À propos des distractions, les biterrois, ont pu pendant la guerre profiter de la réouverture des salles de spectacles à partir du 14 novembre 1914. Les programmes dans les salles de cinéma étaient soumis au visa de l’autorité militaire. Les spectacles lyriques très prisés par les biterrois avant-guerres ont quand même vu leur fréquentation baisser, en raison de la cherté de la vie et c’est surtout le sport qui a permis d’oublier les difficultés liées à la guerre.
La ville meurtrie
La troisième partie montre comment la population à affronté la mort. Le tableau comparatif des biterrois morts pour la France par rapport au total national montre que c’est surtout pendant la première année de la guerre que le tribut a été le plus lourd.
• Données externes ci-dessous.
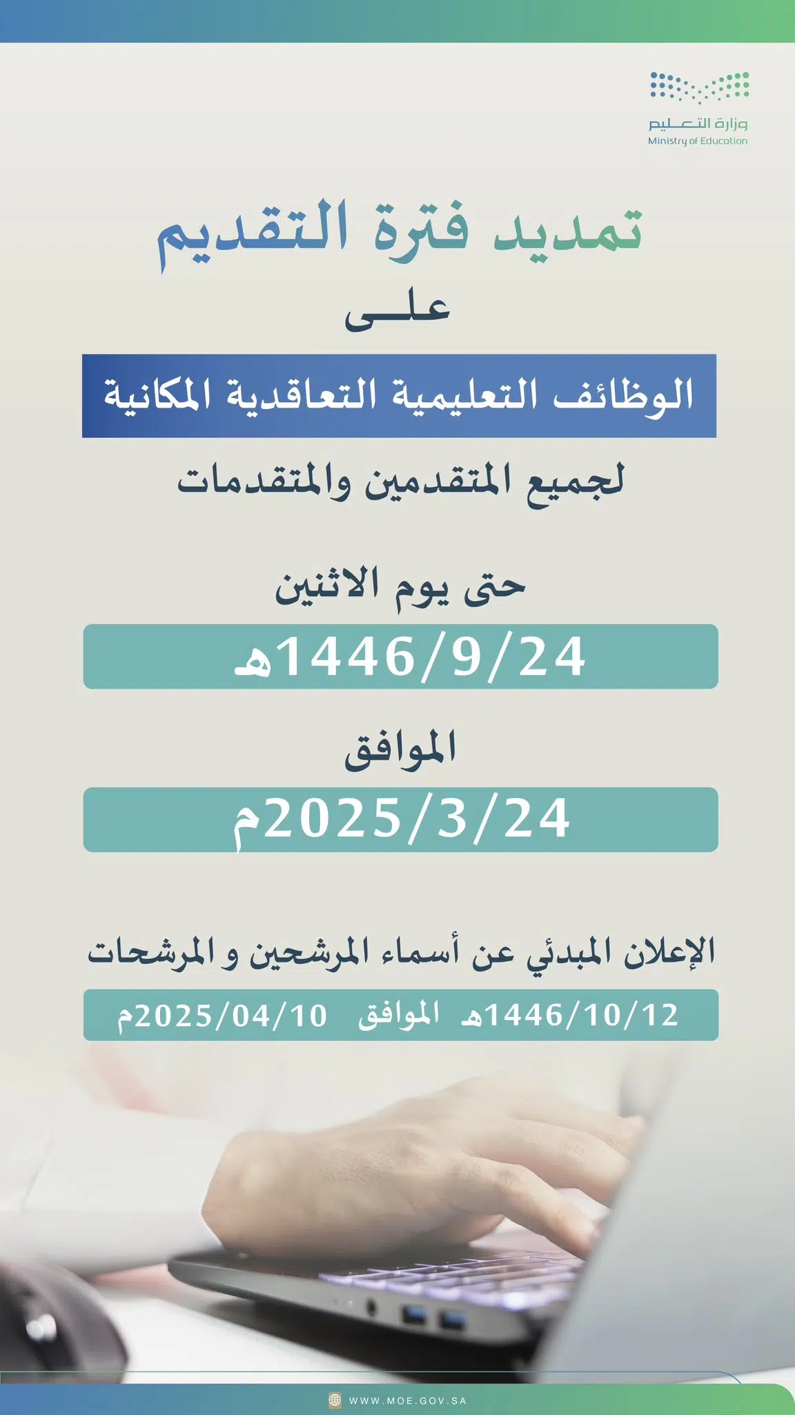 تمديد فترة التقديم على الوظائف التعليمية التعاقدية المكانية

Plus de 27 % par rapport à une moyenne nationale de 20,5 %. Pour les autres années de guerre, à l’exception de 1917, les pourcentages sont équivalents.
Ce tableau de Béziers pendant la guerre permet de retrouver un environnement qui nous est familier, celui de ce que l’on appelait « le bas Languedoc viticole ». En réalité, ce bas Languedoc viticole n’existe plus vraiment. Les mouvements de population, la part de plus en plus nombreuse des nouveaux arrivants issus d’autres régions, dans les villages languedociens, ont considérablement modifié la physionomie de cette ville qui a pu être la locomotive économique du département jusqu’au milieu du XXe siècle. Elle ne l’est plus aujourd’hui.
C’est dire l’importance de ce tableau socio-économique du biterrois pendant la première guerre mondiale. Le travail de Béatrix Pau permettra aux professeurs d’histoire d’ancrer le cours sur la guerre de 14-18 dans un environnement et sur un territoire. Certains documents sont d’ailleurs tout à fait utilisables en classe comme le discours de la section socialiste de Villeneuve les Béziers à l’enterrement de Léon Boyer. En 35 lignes, cette oraison funèbre est, à elle seule, un résumé, – on dirait en jargon pédagogique, un document synthèse, – de toutes les approches contradictoires de la Grande guerre.